• [To do]: Copy, exactly and without additions, every line in the records below from the one holding "Зимний полярный день" through the one holding "Switch Nutrition Creatine", both ends included.

• [Provided information]:
<<<<

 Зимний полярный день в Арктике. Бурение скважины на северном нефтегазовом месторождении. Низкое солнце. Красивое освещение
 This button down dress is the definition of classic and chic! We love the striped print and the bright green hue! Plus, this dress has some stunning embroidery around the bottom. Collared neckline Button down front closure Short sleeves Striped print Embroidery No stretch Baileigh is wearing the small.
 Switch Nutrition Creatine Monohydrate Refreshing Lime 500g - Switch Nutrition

>>>>
<<<<

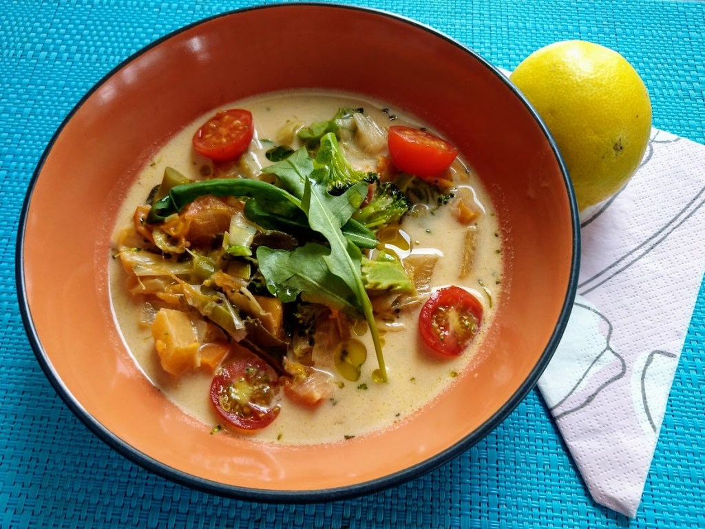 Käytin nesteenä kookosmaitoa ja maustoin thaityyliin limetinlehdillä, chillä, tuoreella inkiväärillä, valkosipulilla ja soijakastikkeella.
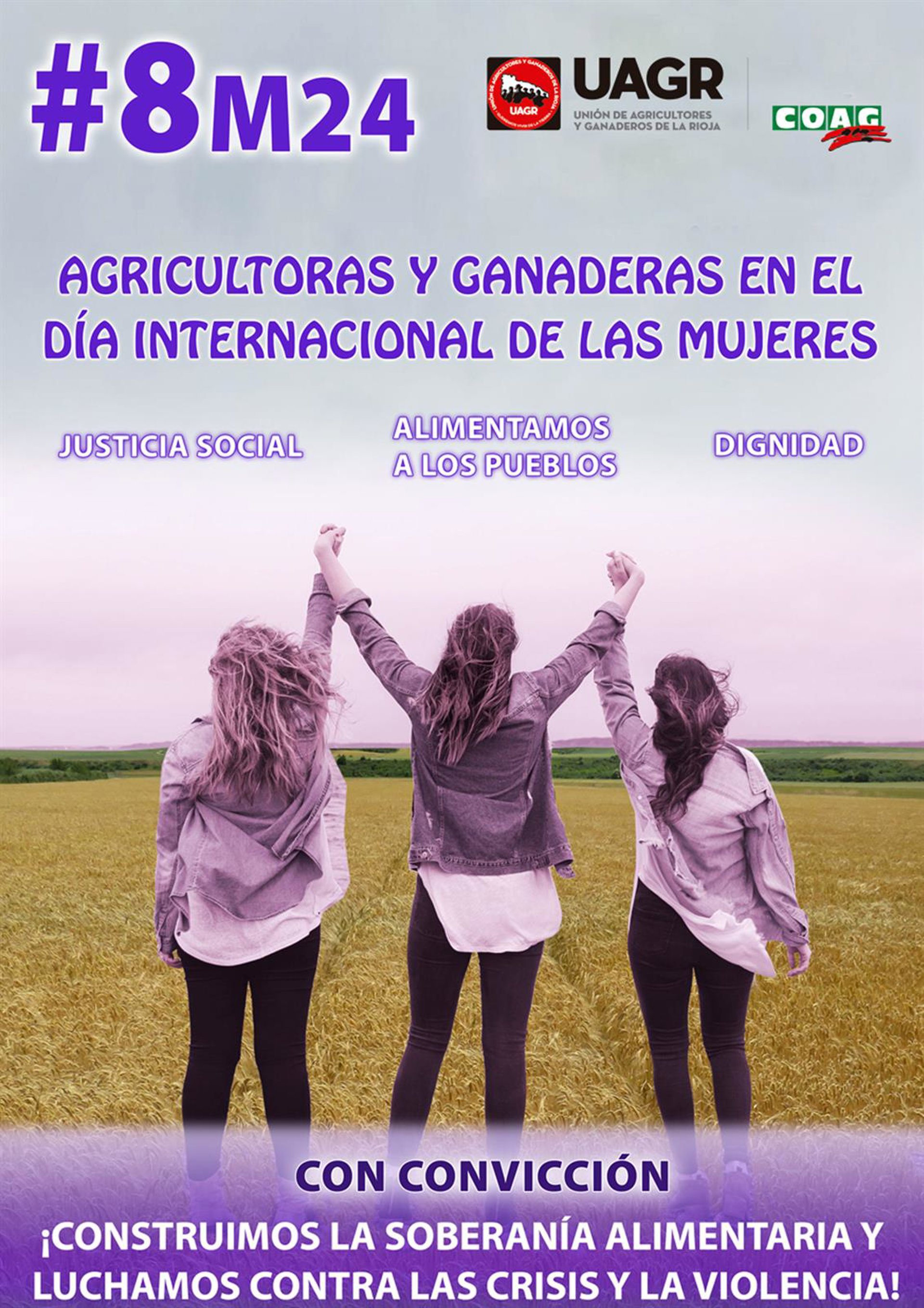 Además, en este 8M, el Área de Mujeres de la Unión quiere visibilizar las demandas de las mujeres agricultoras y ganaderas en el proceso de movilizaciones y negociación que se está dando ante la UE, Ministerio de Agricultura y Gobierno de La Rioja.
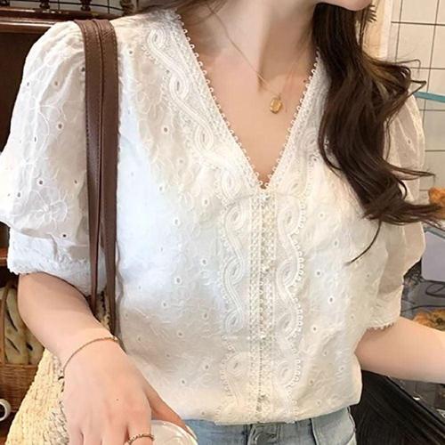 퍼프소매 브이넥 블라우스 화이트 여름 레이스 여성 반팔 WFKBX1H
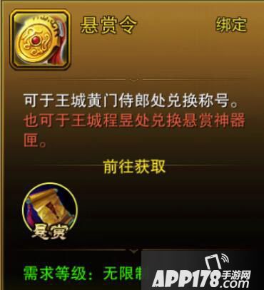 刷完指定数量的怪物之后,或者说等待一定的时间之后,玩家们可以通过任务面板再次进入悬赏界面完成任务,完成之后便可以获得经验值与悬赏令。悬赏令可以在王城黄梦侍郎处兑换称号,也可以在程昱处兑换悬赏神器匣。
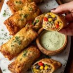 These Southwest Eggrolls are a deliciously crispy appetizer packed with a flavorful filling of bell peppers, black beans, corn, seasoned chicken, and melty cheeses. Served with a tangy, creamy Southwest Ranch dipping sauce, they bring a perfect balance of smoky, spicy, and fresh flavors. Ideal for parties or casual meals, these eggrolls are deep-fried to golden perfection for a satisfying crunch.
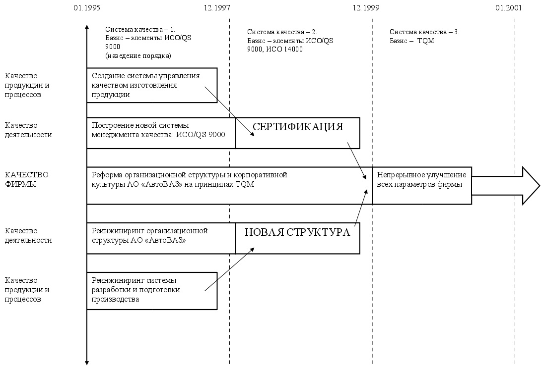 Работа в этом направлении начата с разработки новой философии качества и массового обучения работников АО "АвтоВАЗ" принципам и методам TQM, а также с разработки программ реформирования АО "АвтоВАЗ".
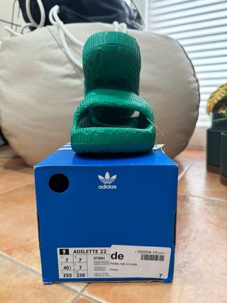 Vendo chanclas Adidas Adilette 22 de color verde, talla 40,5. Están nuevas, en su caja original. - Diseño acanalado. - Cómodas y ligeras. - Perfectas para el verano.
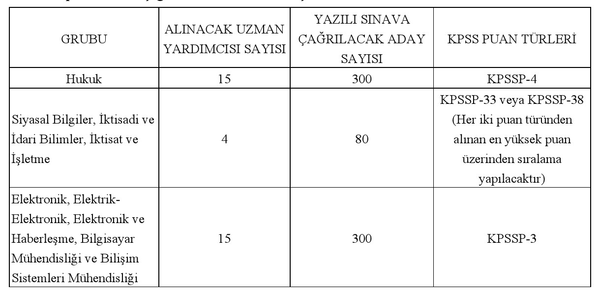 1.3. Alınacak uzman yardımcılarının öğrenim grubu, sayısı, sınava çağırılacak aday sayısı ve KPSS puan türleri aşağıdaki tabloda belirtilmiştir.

>>>>

• [Reply to the exercise]:
 Зимний полярный день в Арктике. Бурение скважины на северном нефтегазовом месторождении. Низкое солнце. Красивое освещение
 This button down dress is the definition of classic and chic! We love the striped print and the bright green hue! Plus, this dress has some stunning embroidery around the bottom. Collared neckline Button down front closure Short sleeves Striped print Embroidery No stretch Baileigh is wearing the small.
 Switch Nutrition Creatine Monohydrate Refreshing Lime 500g - Switch Nutrition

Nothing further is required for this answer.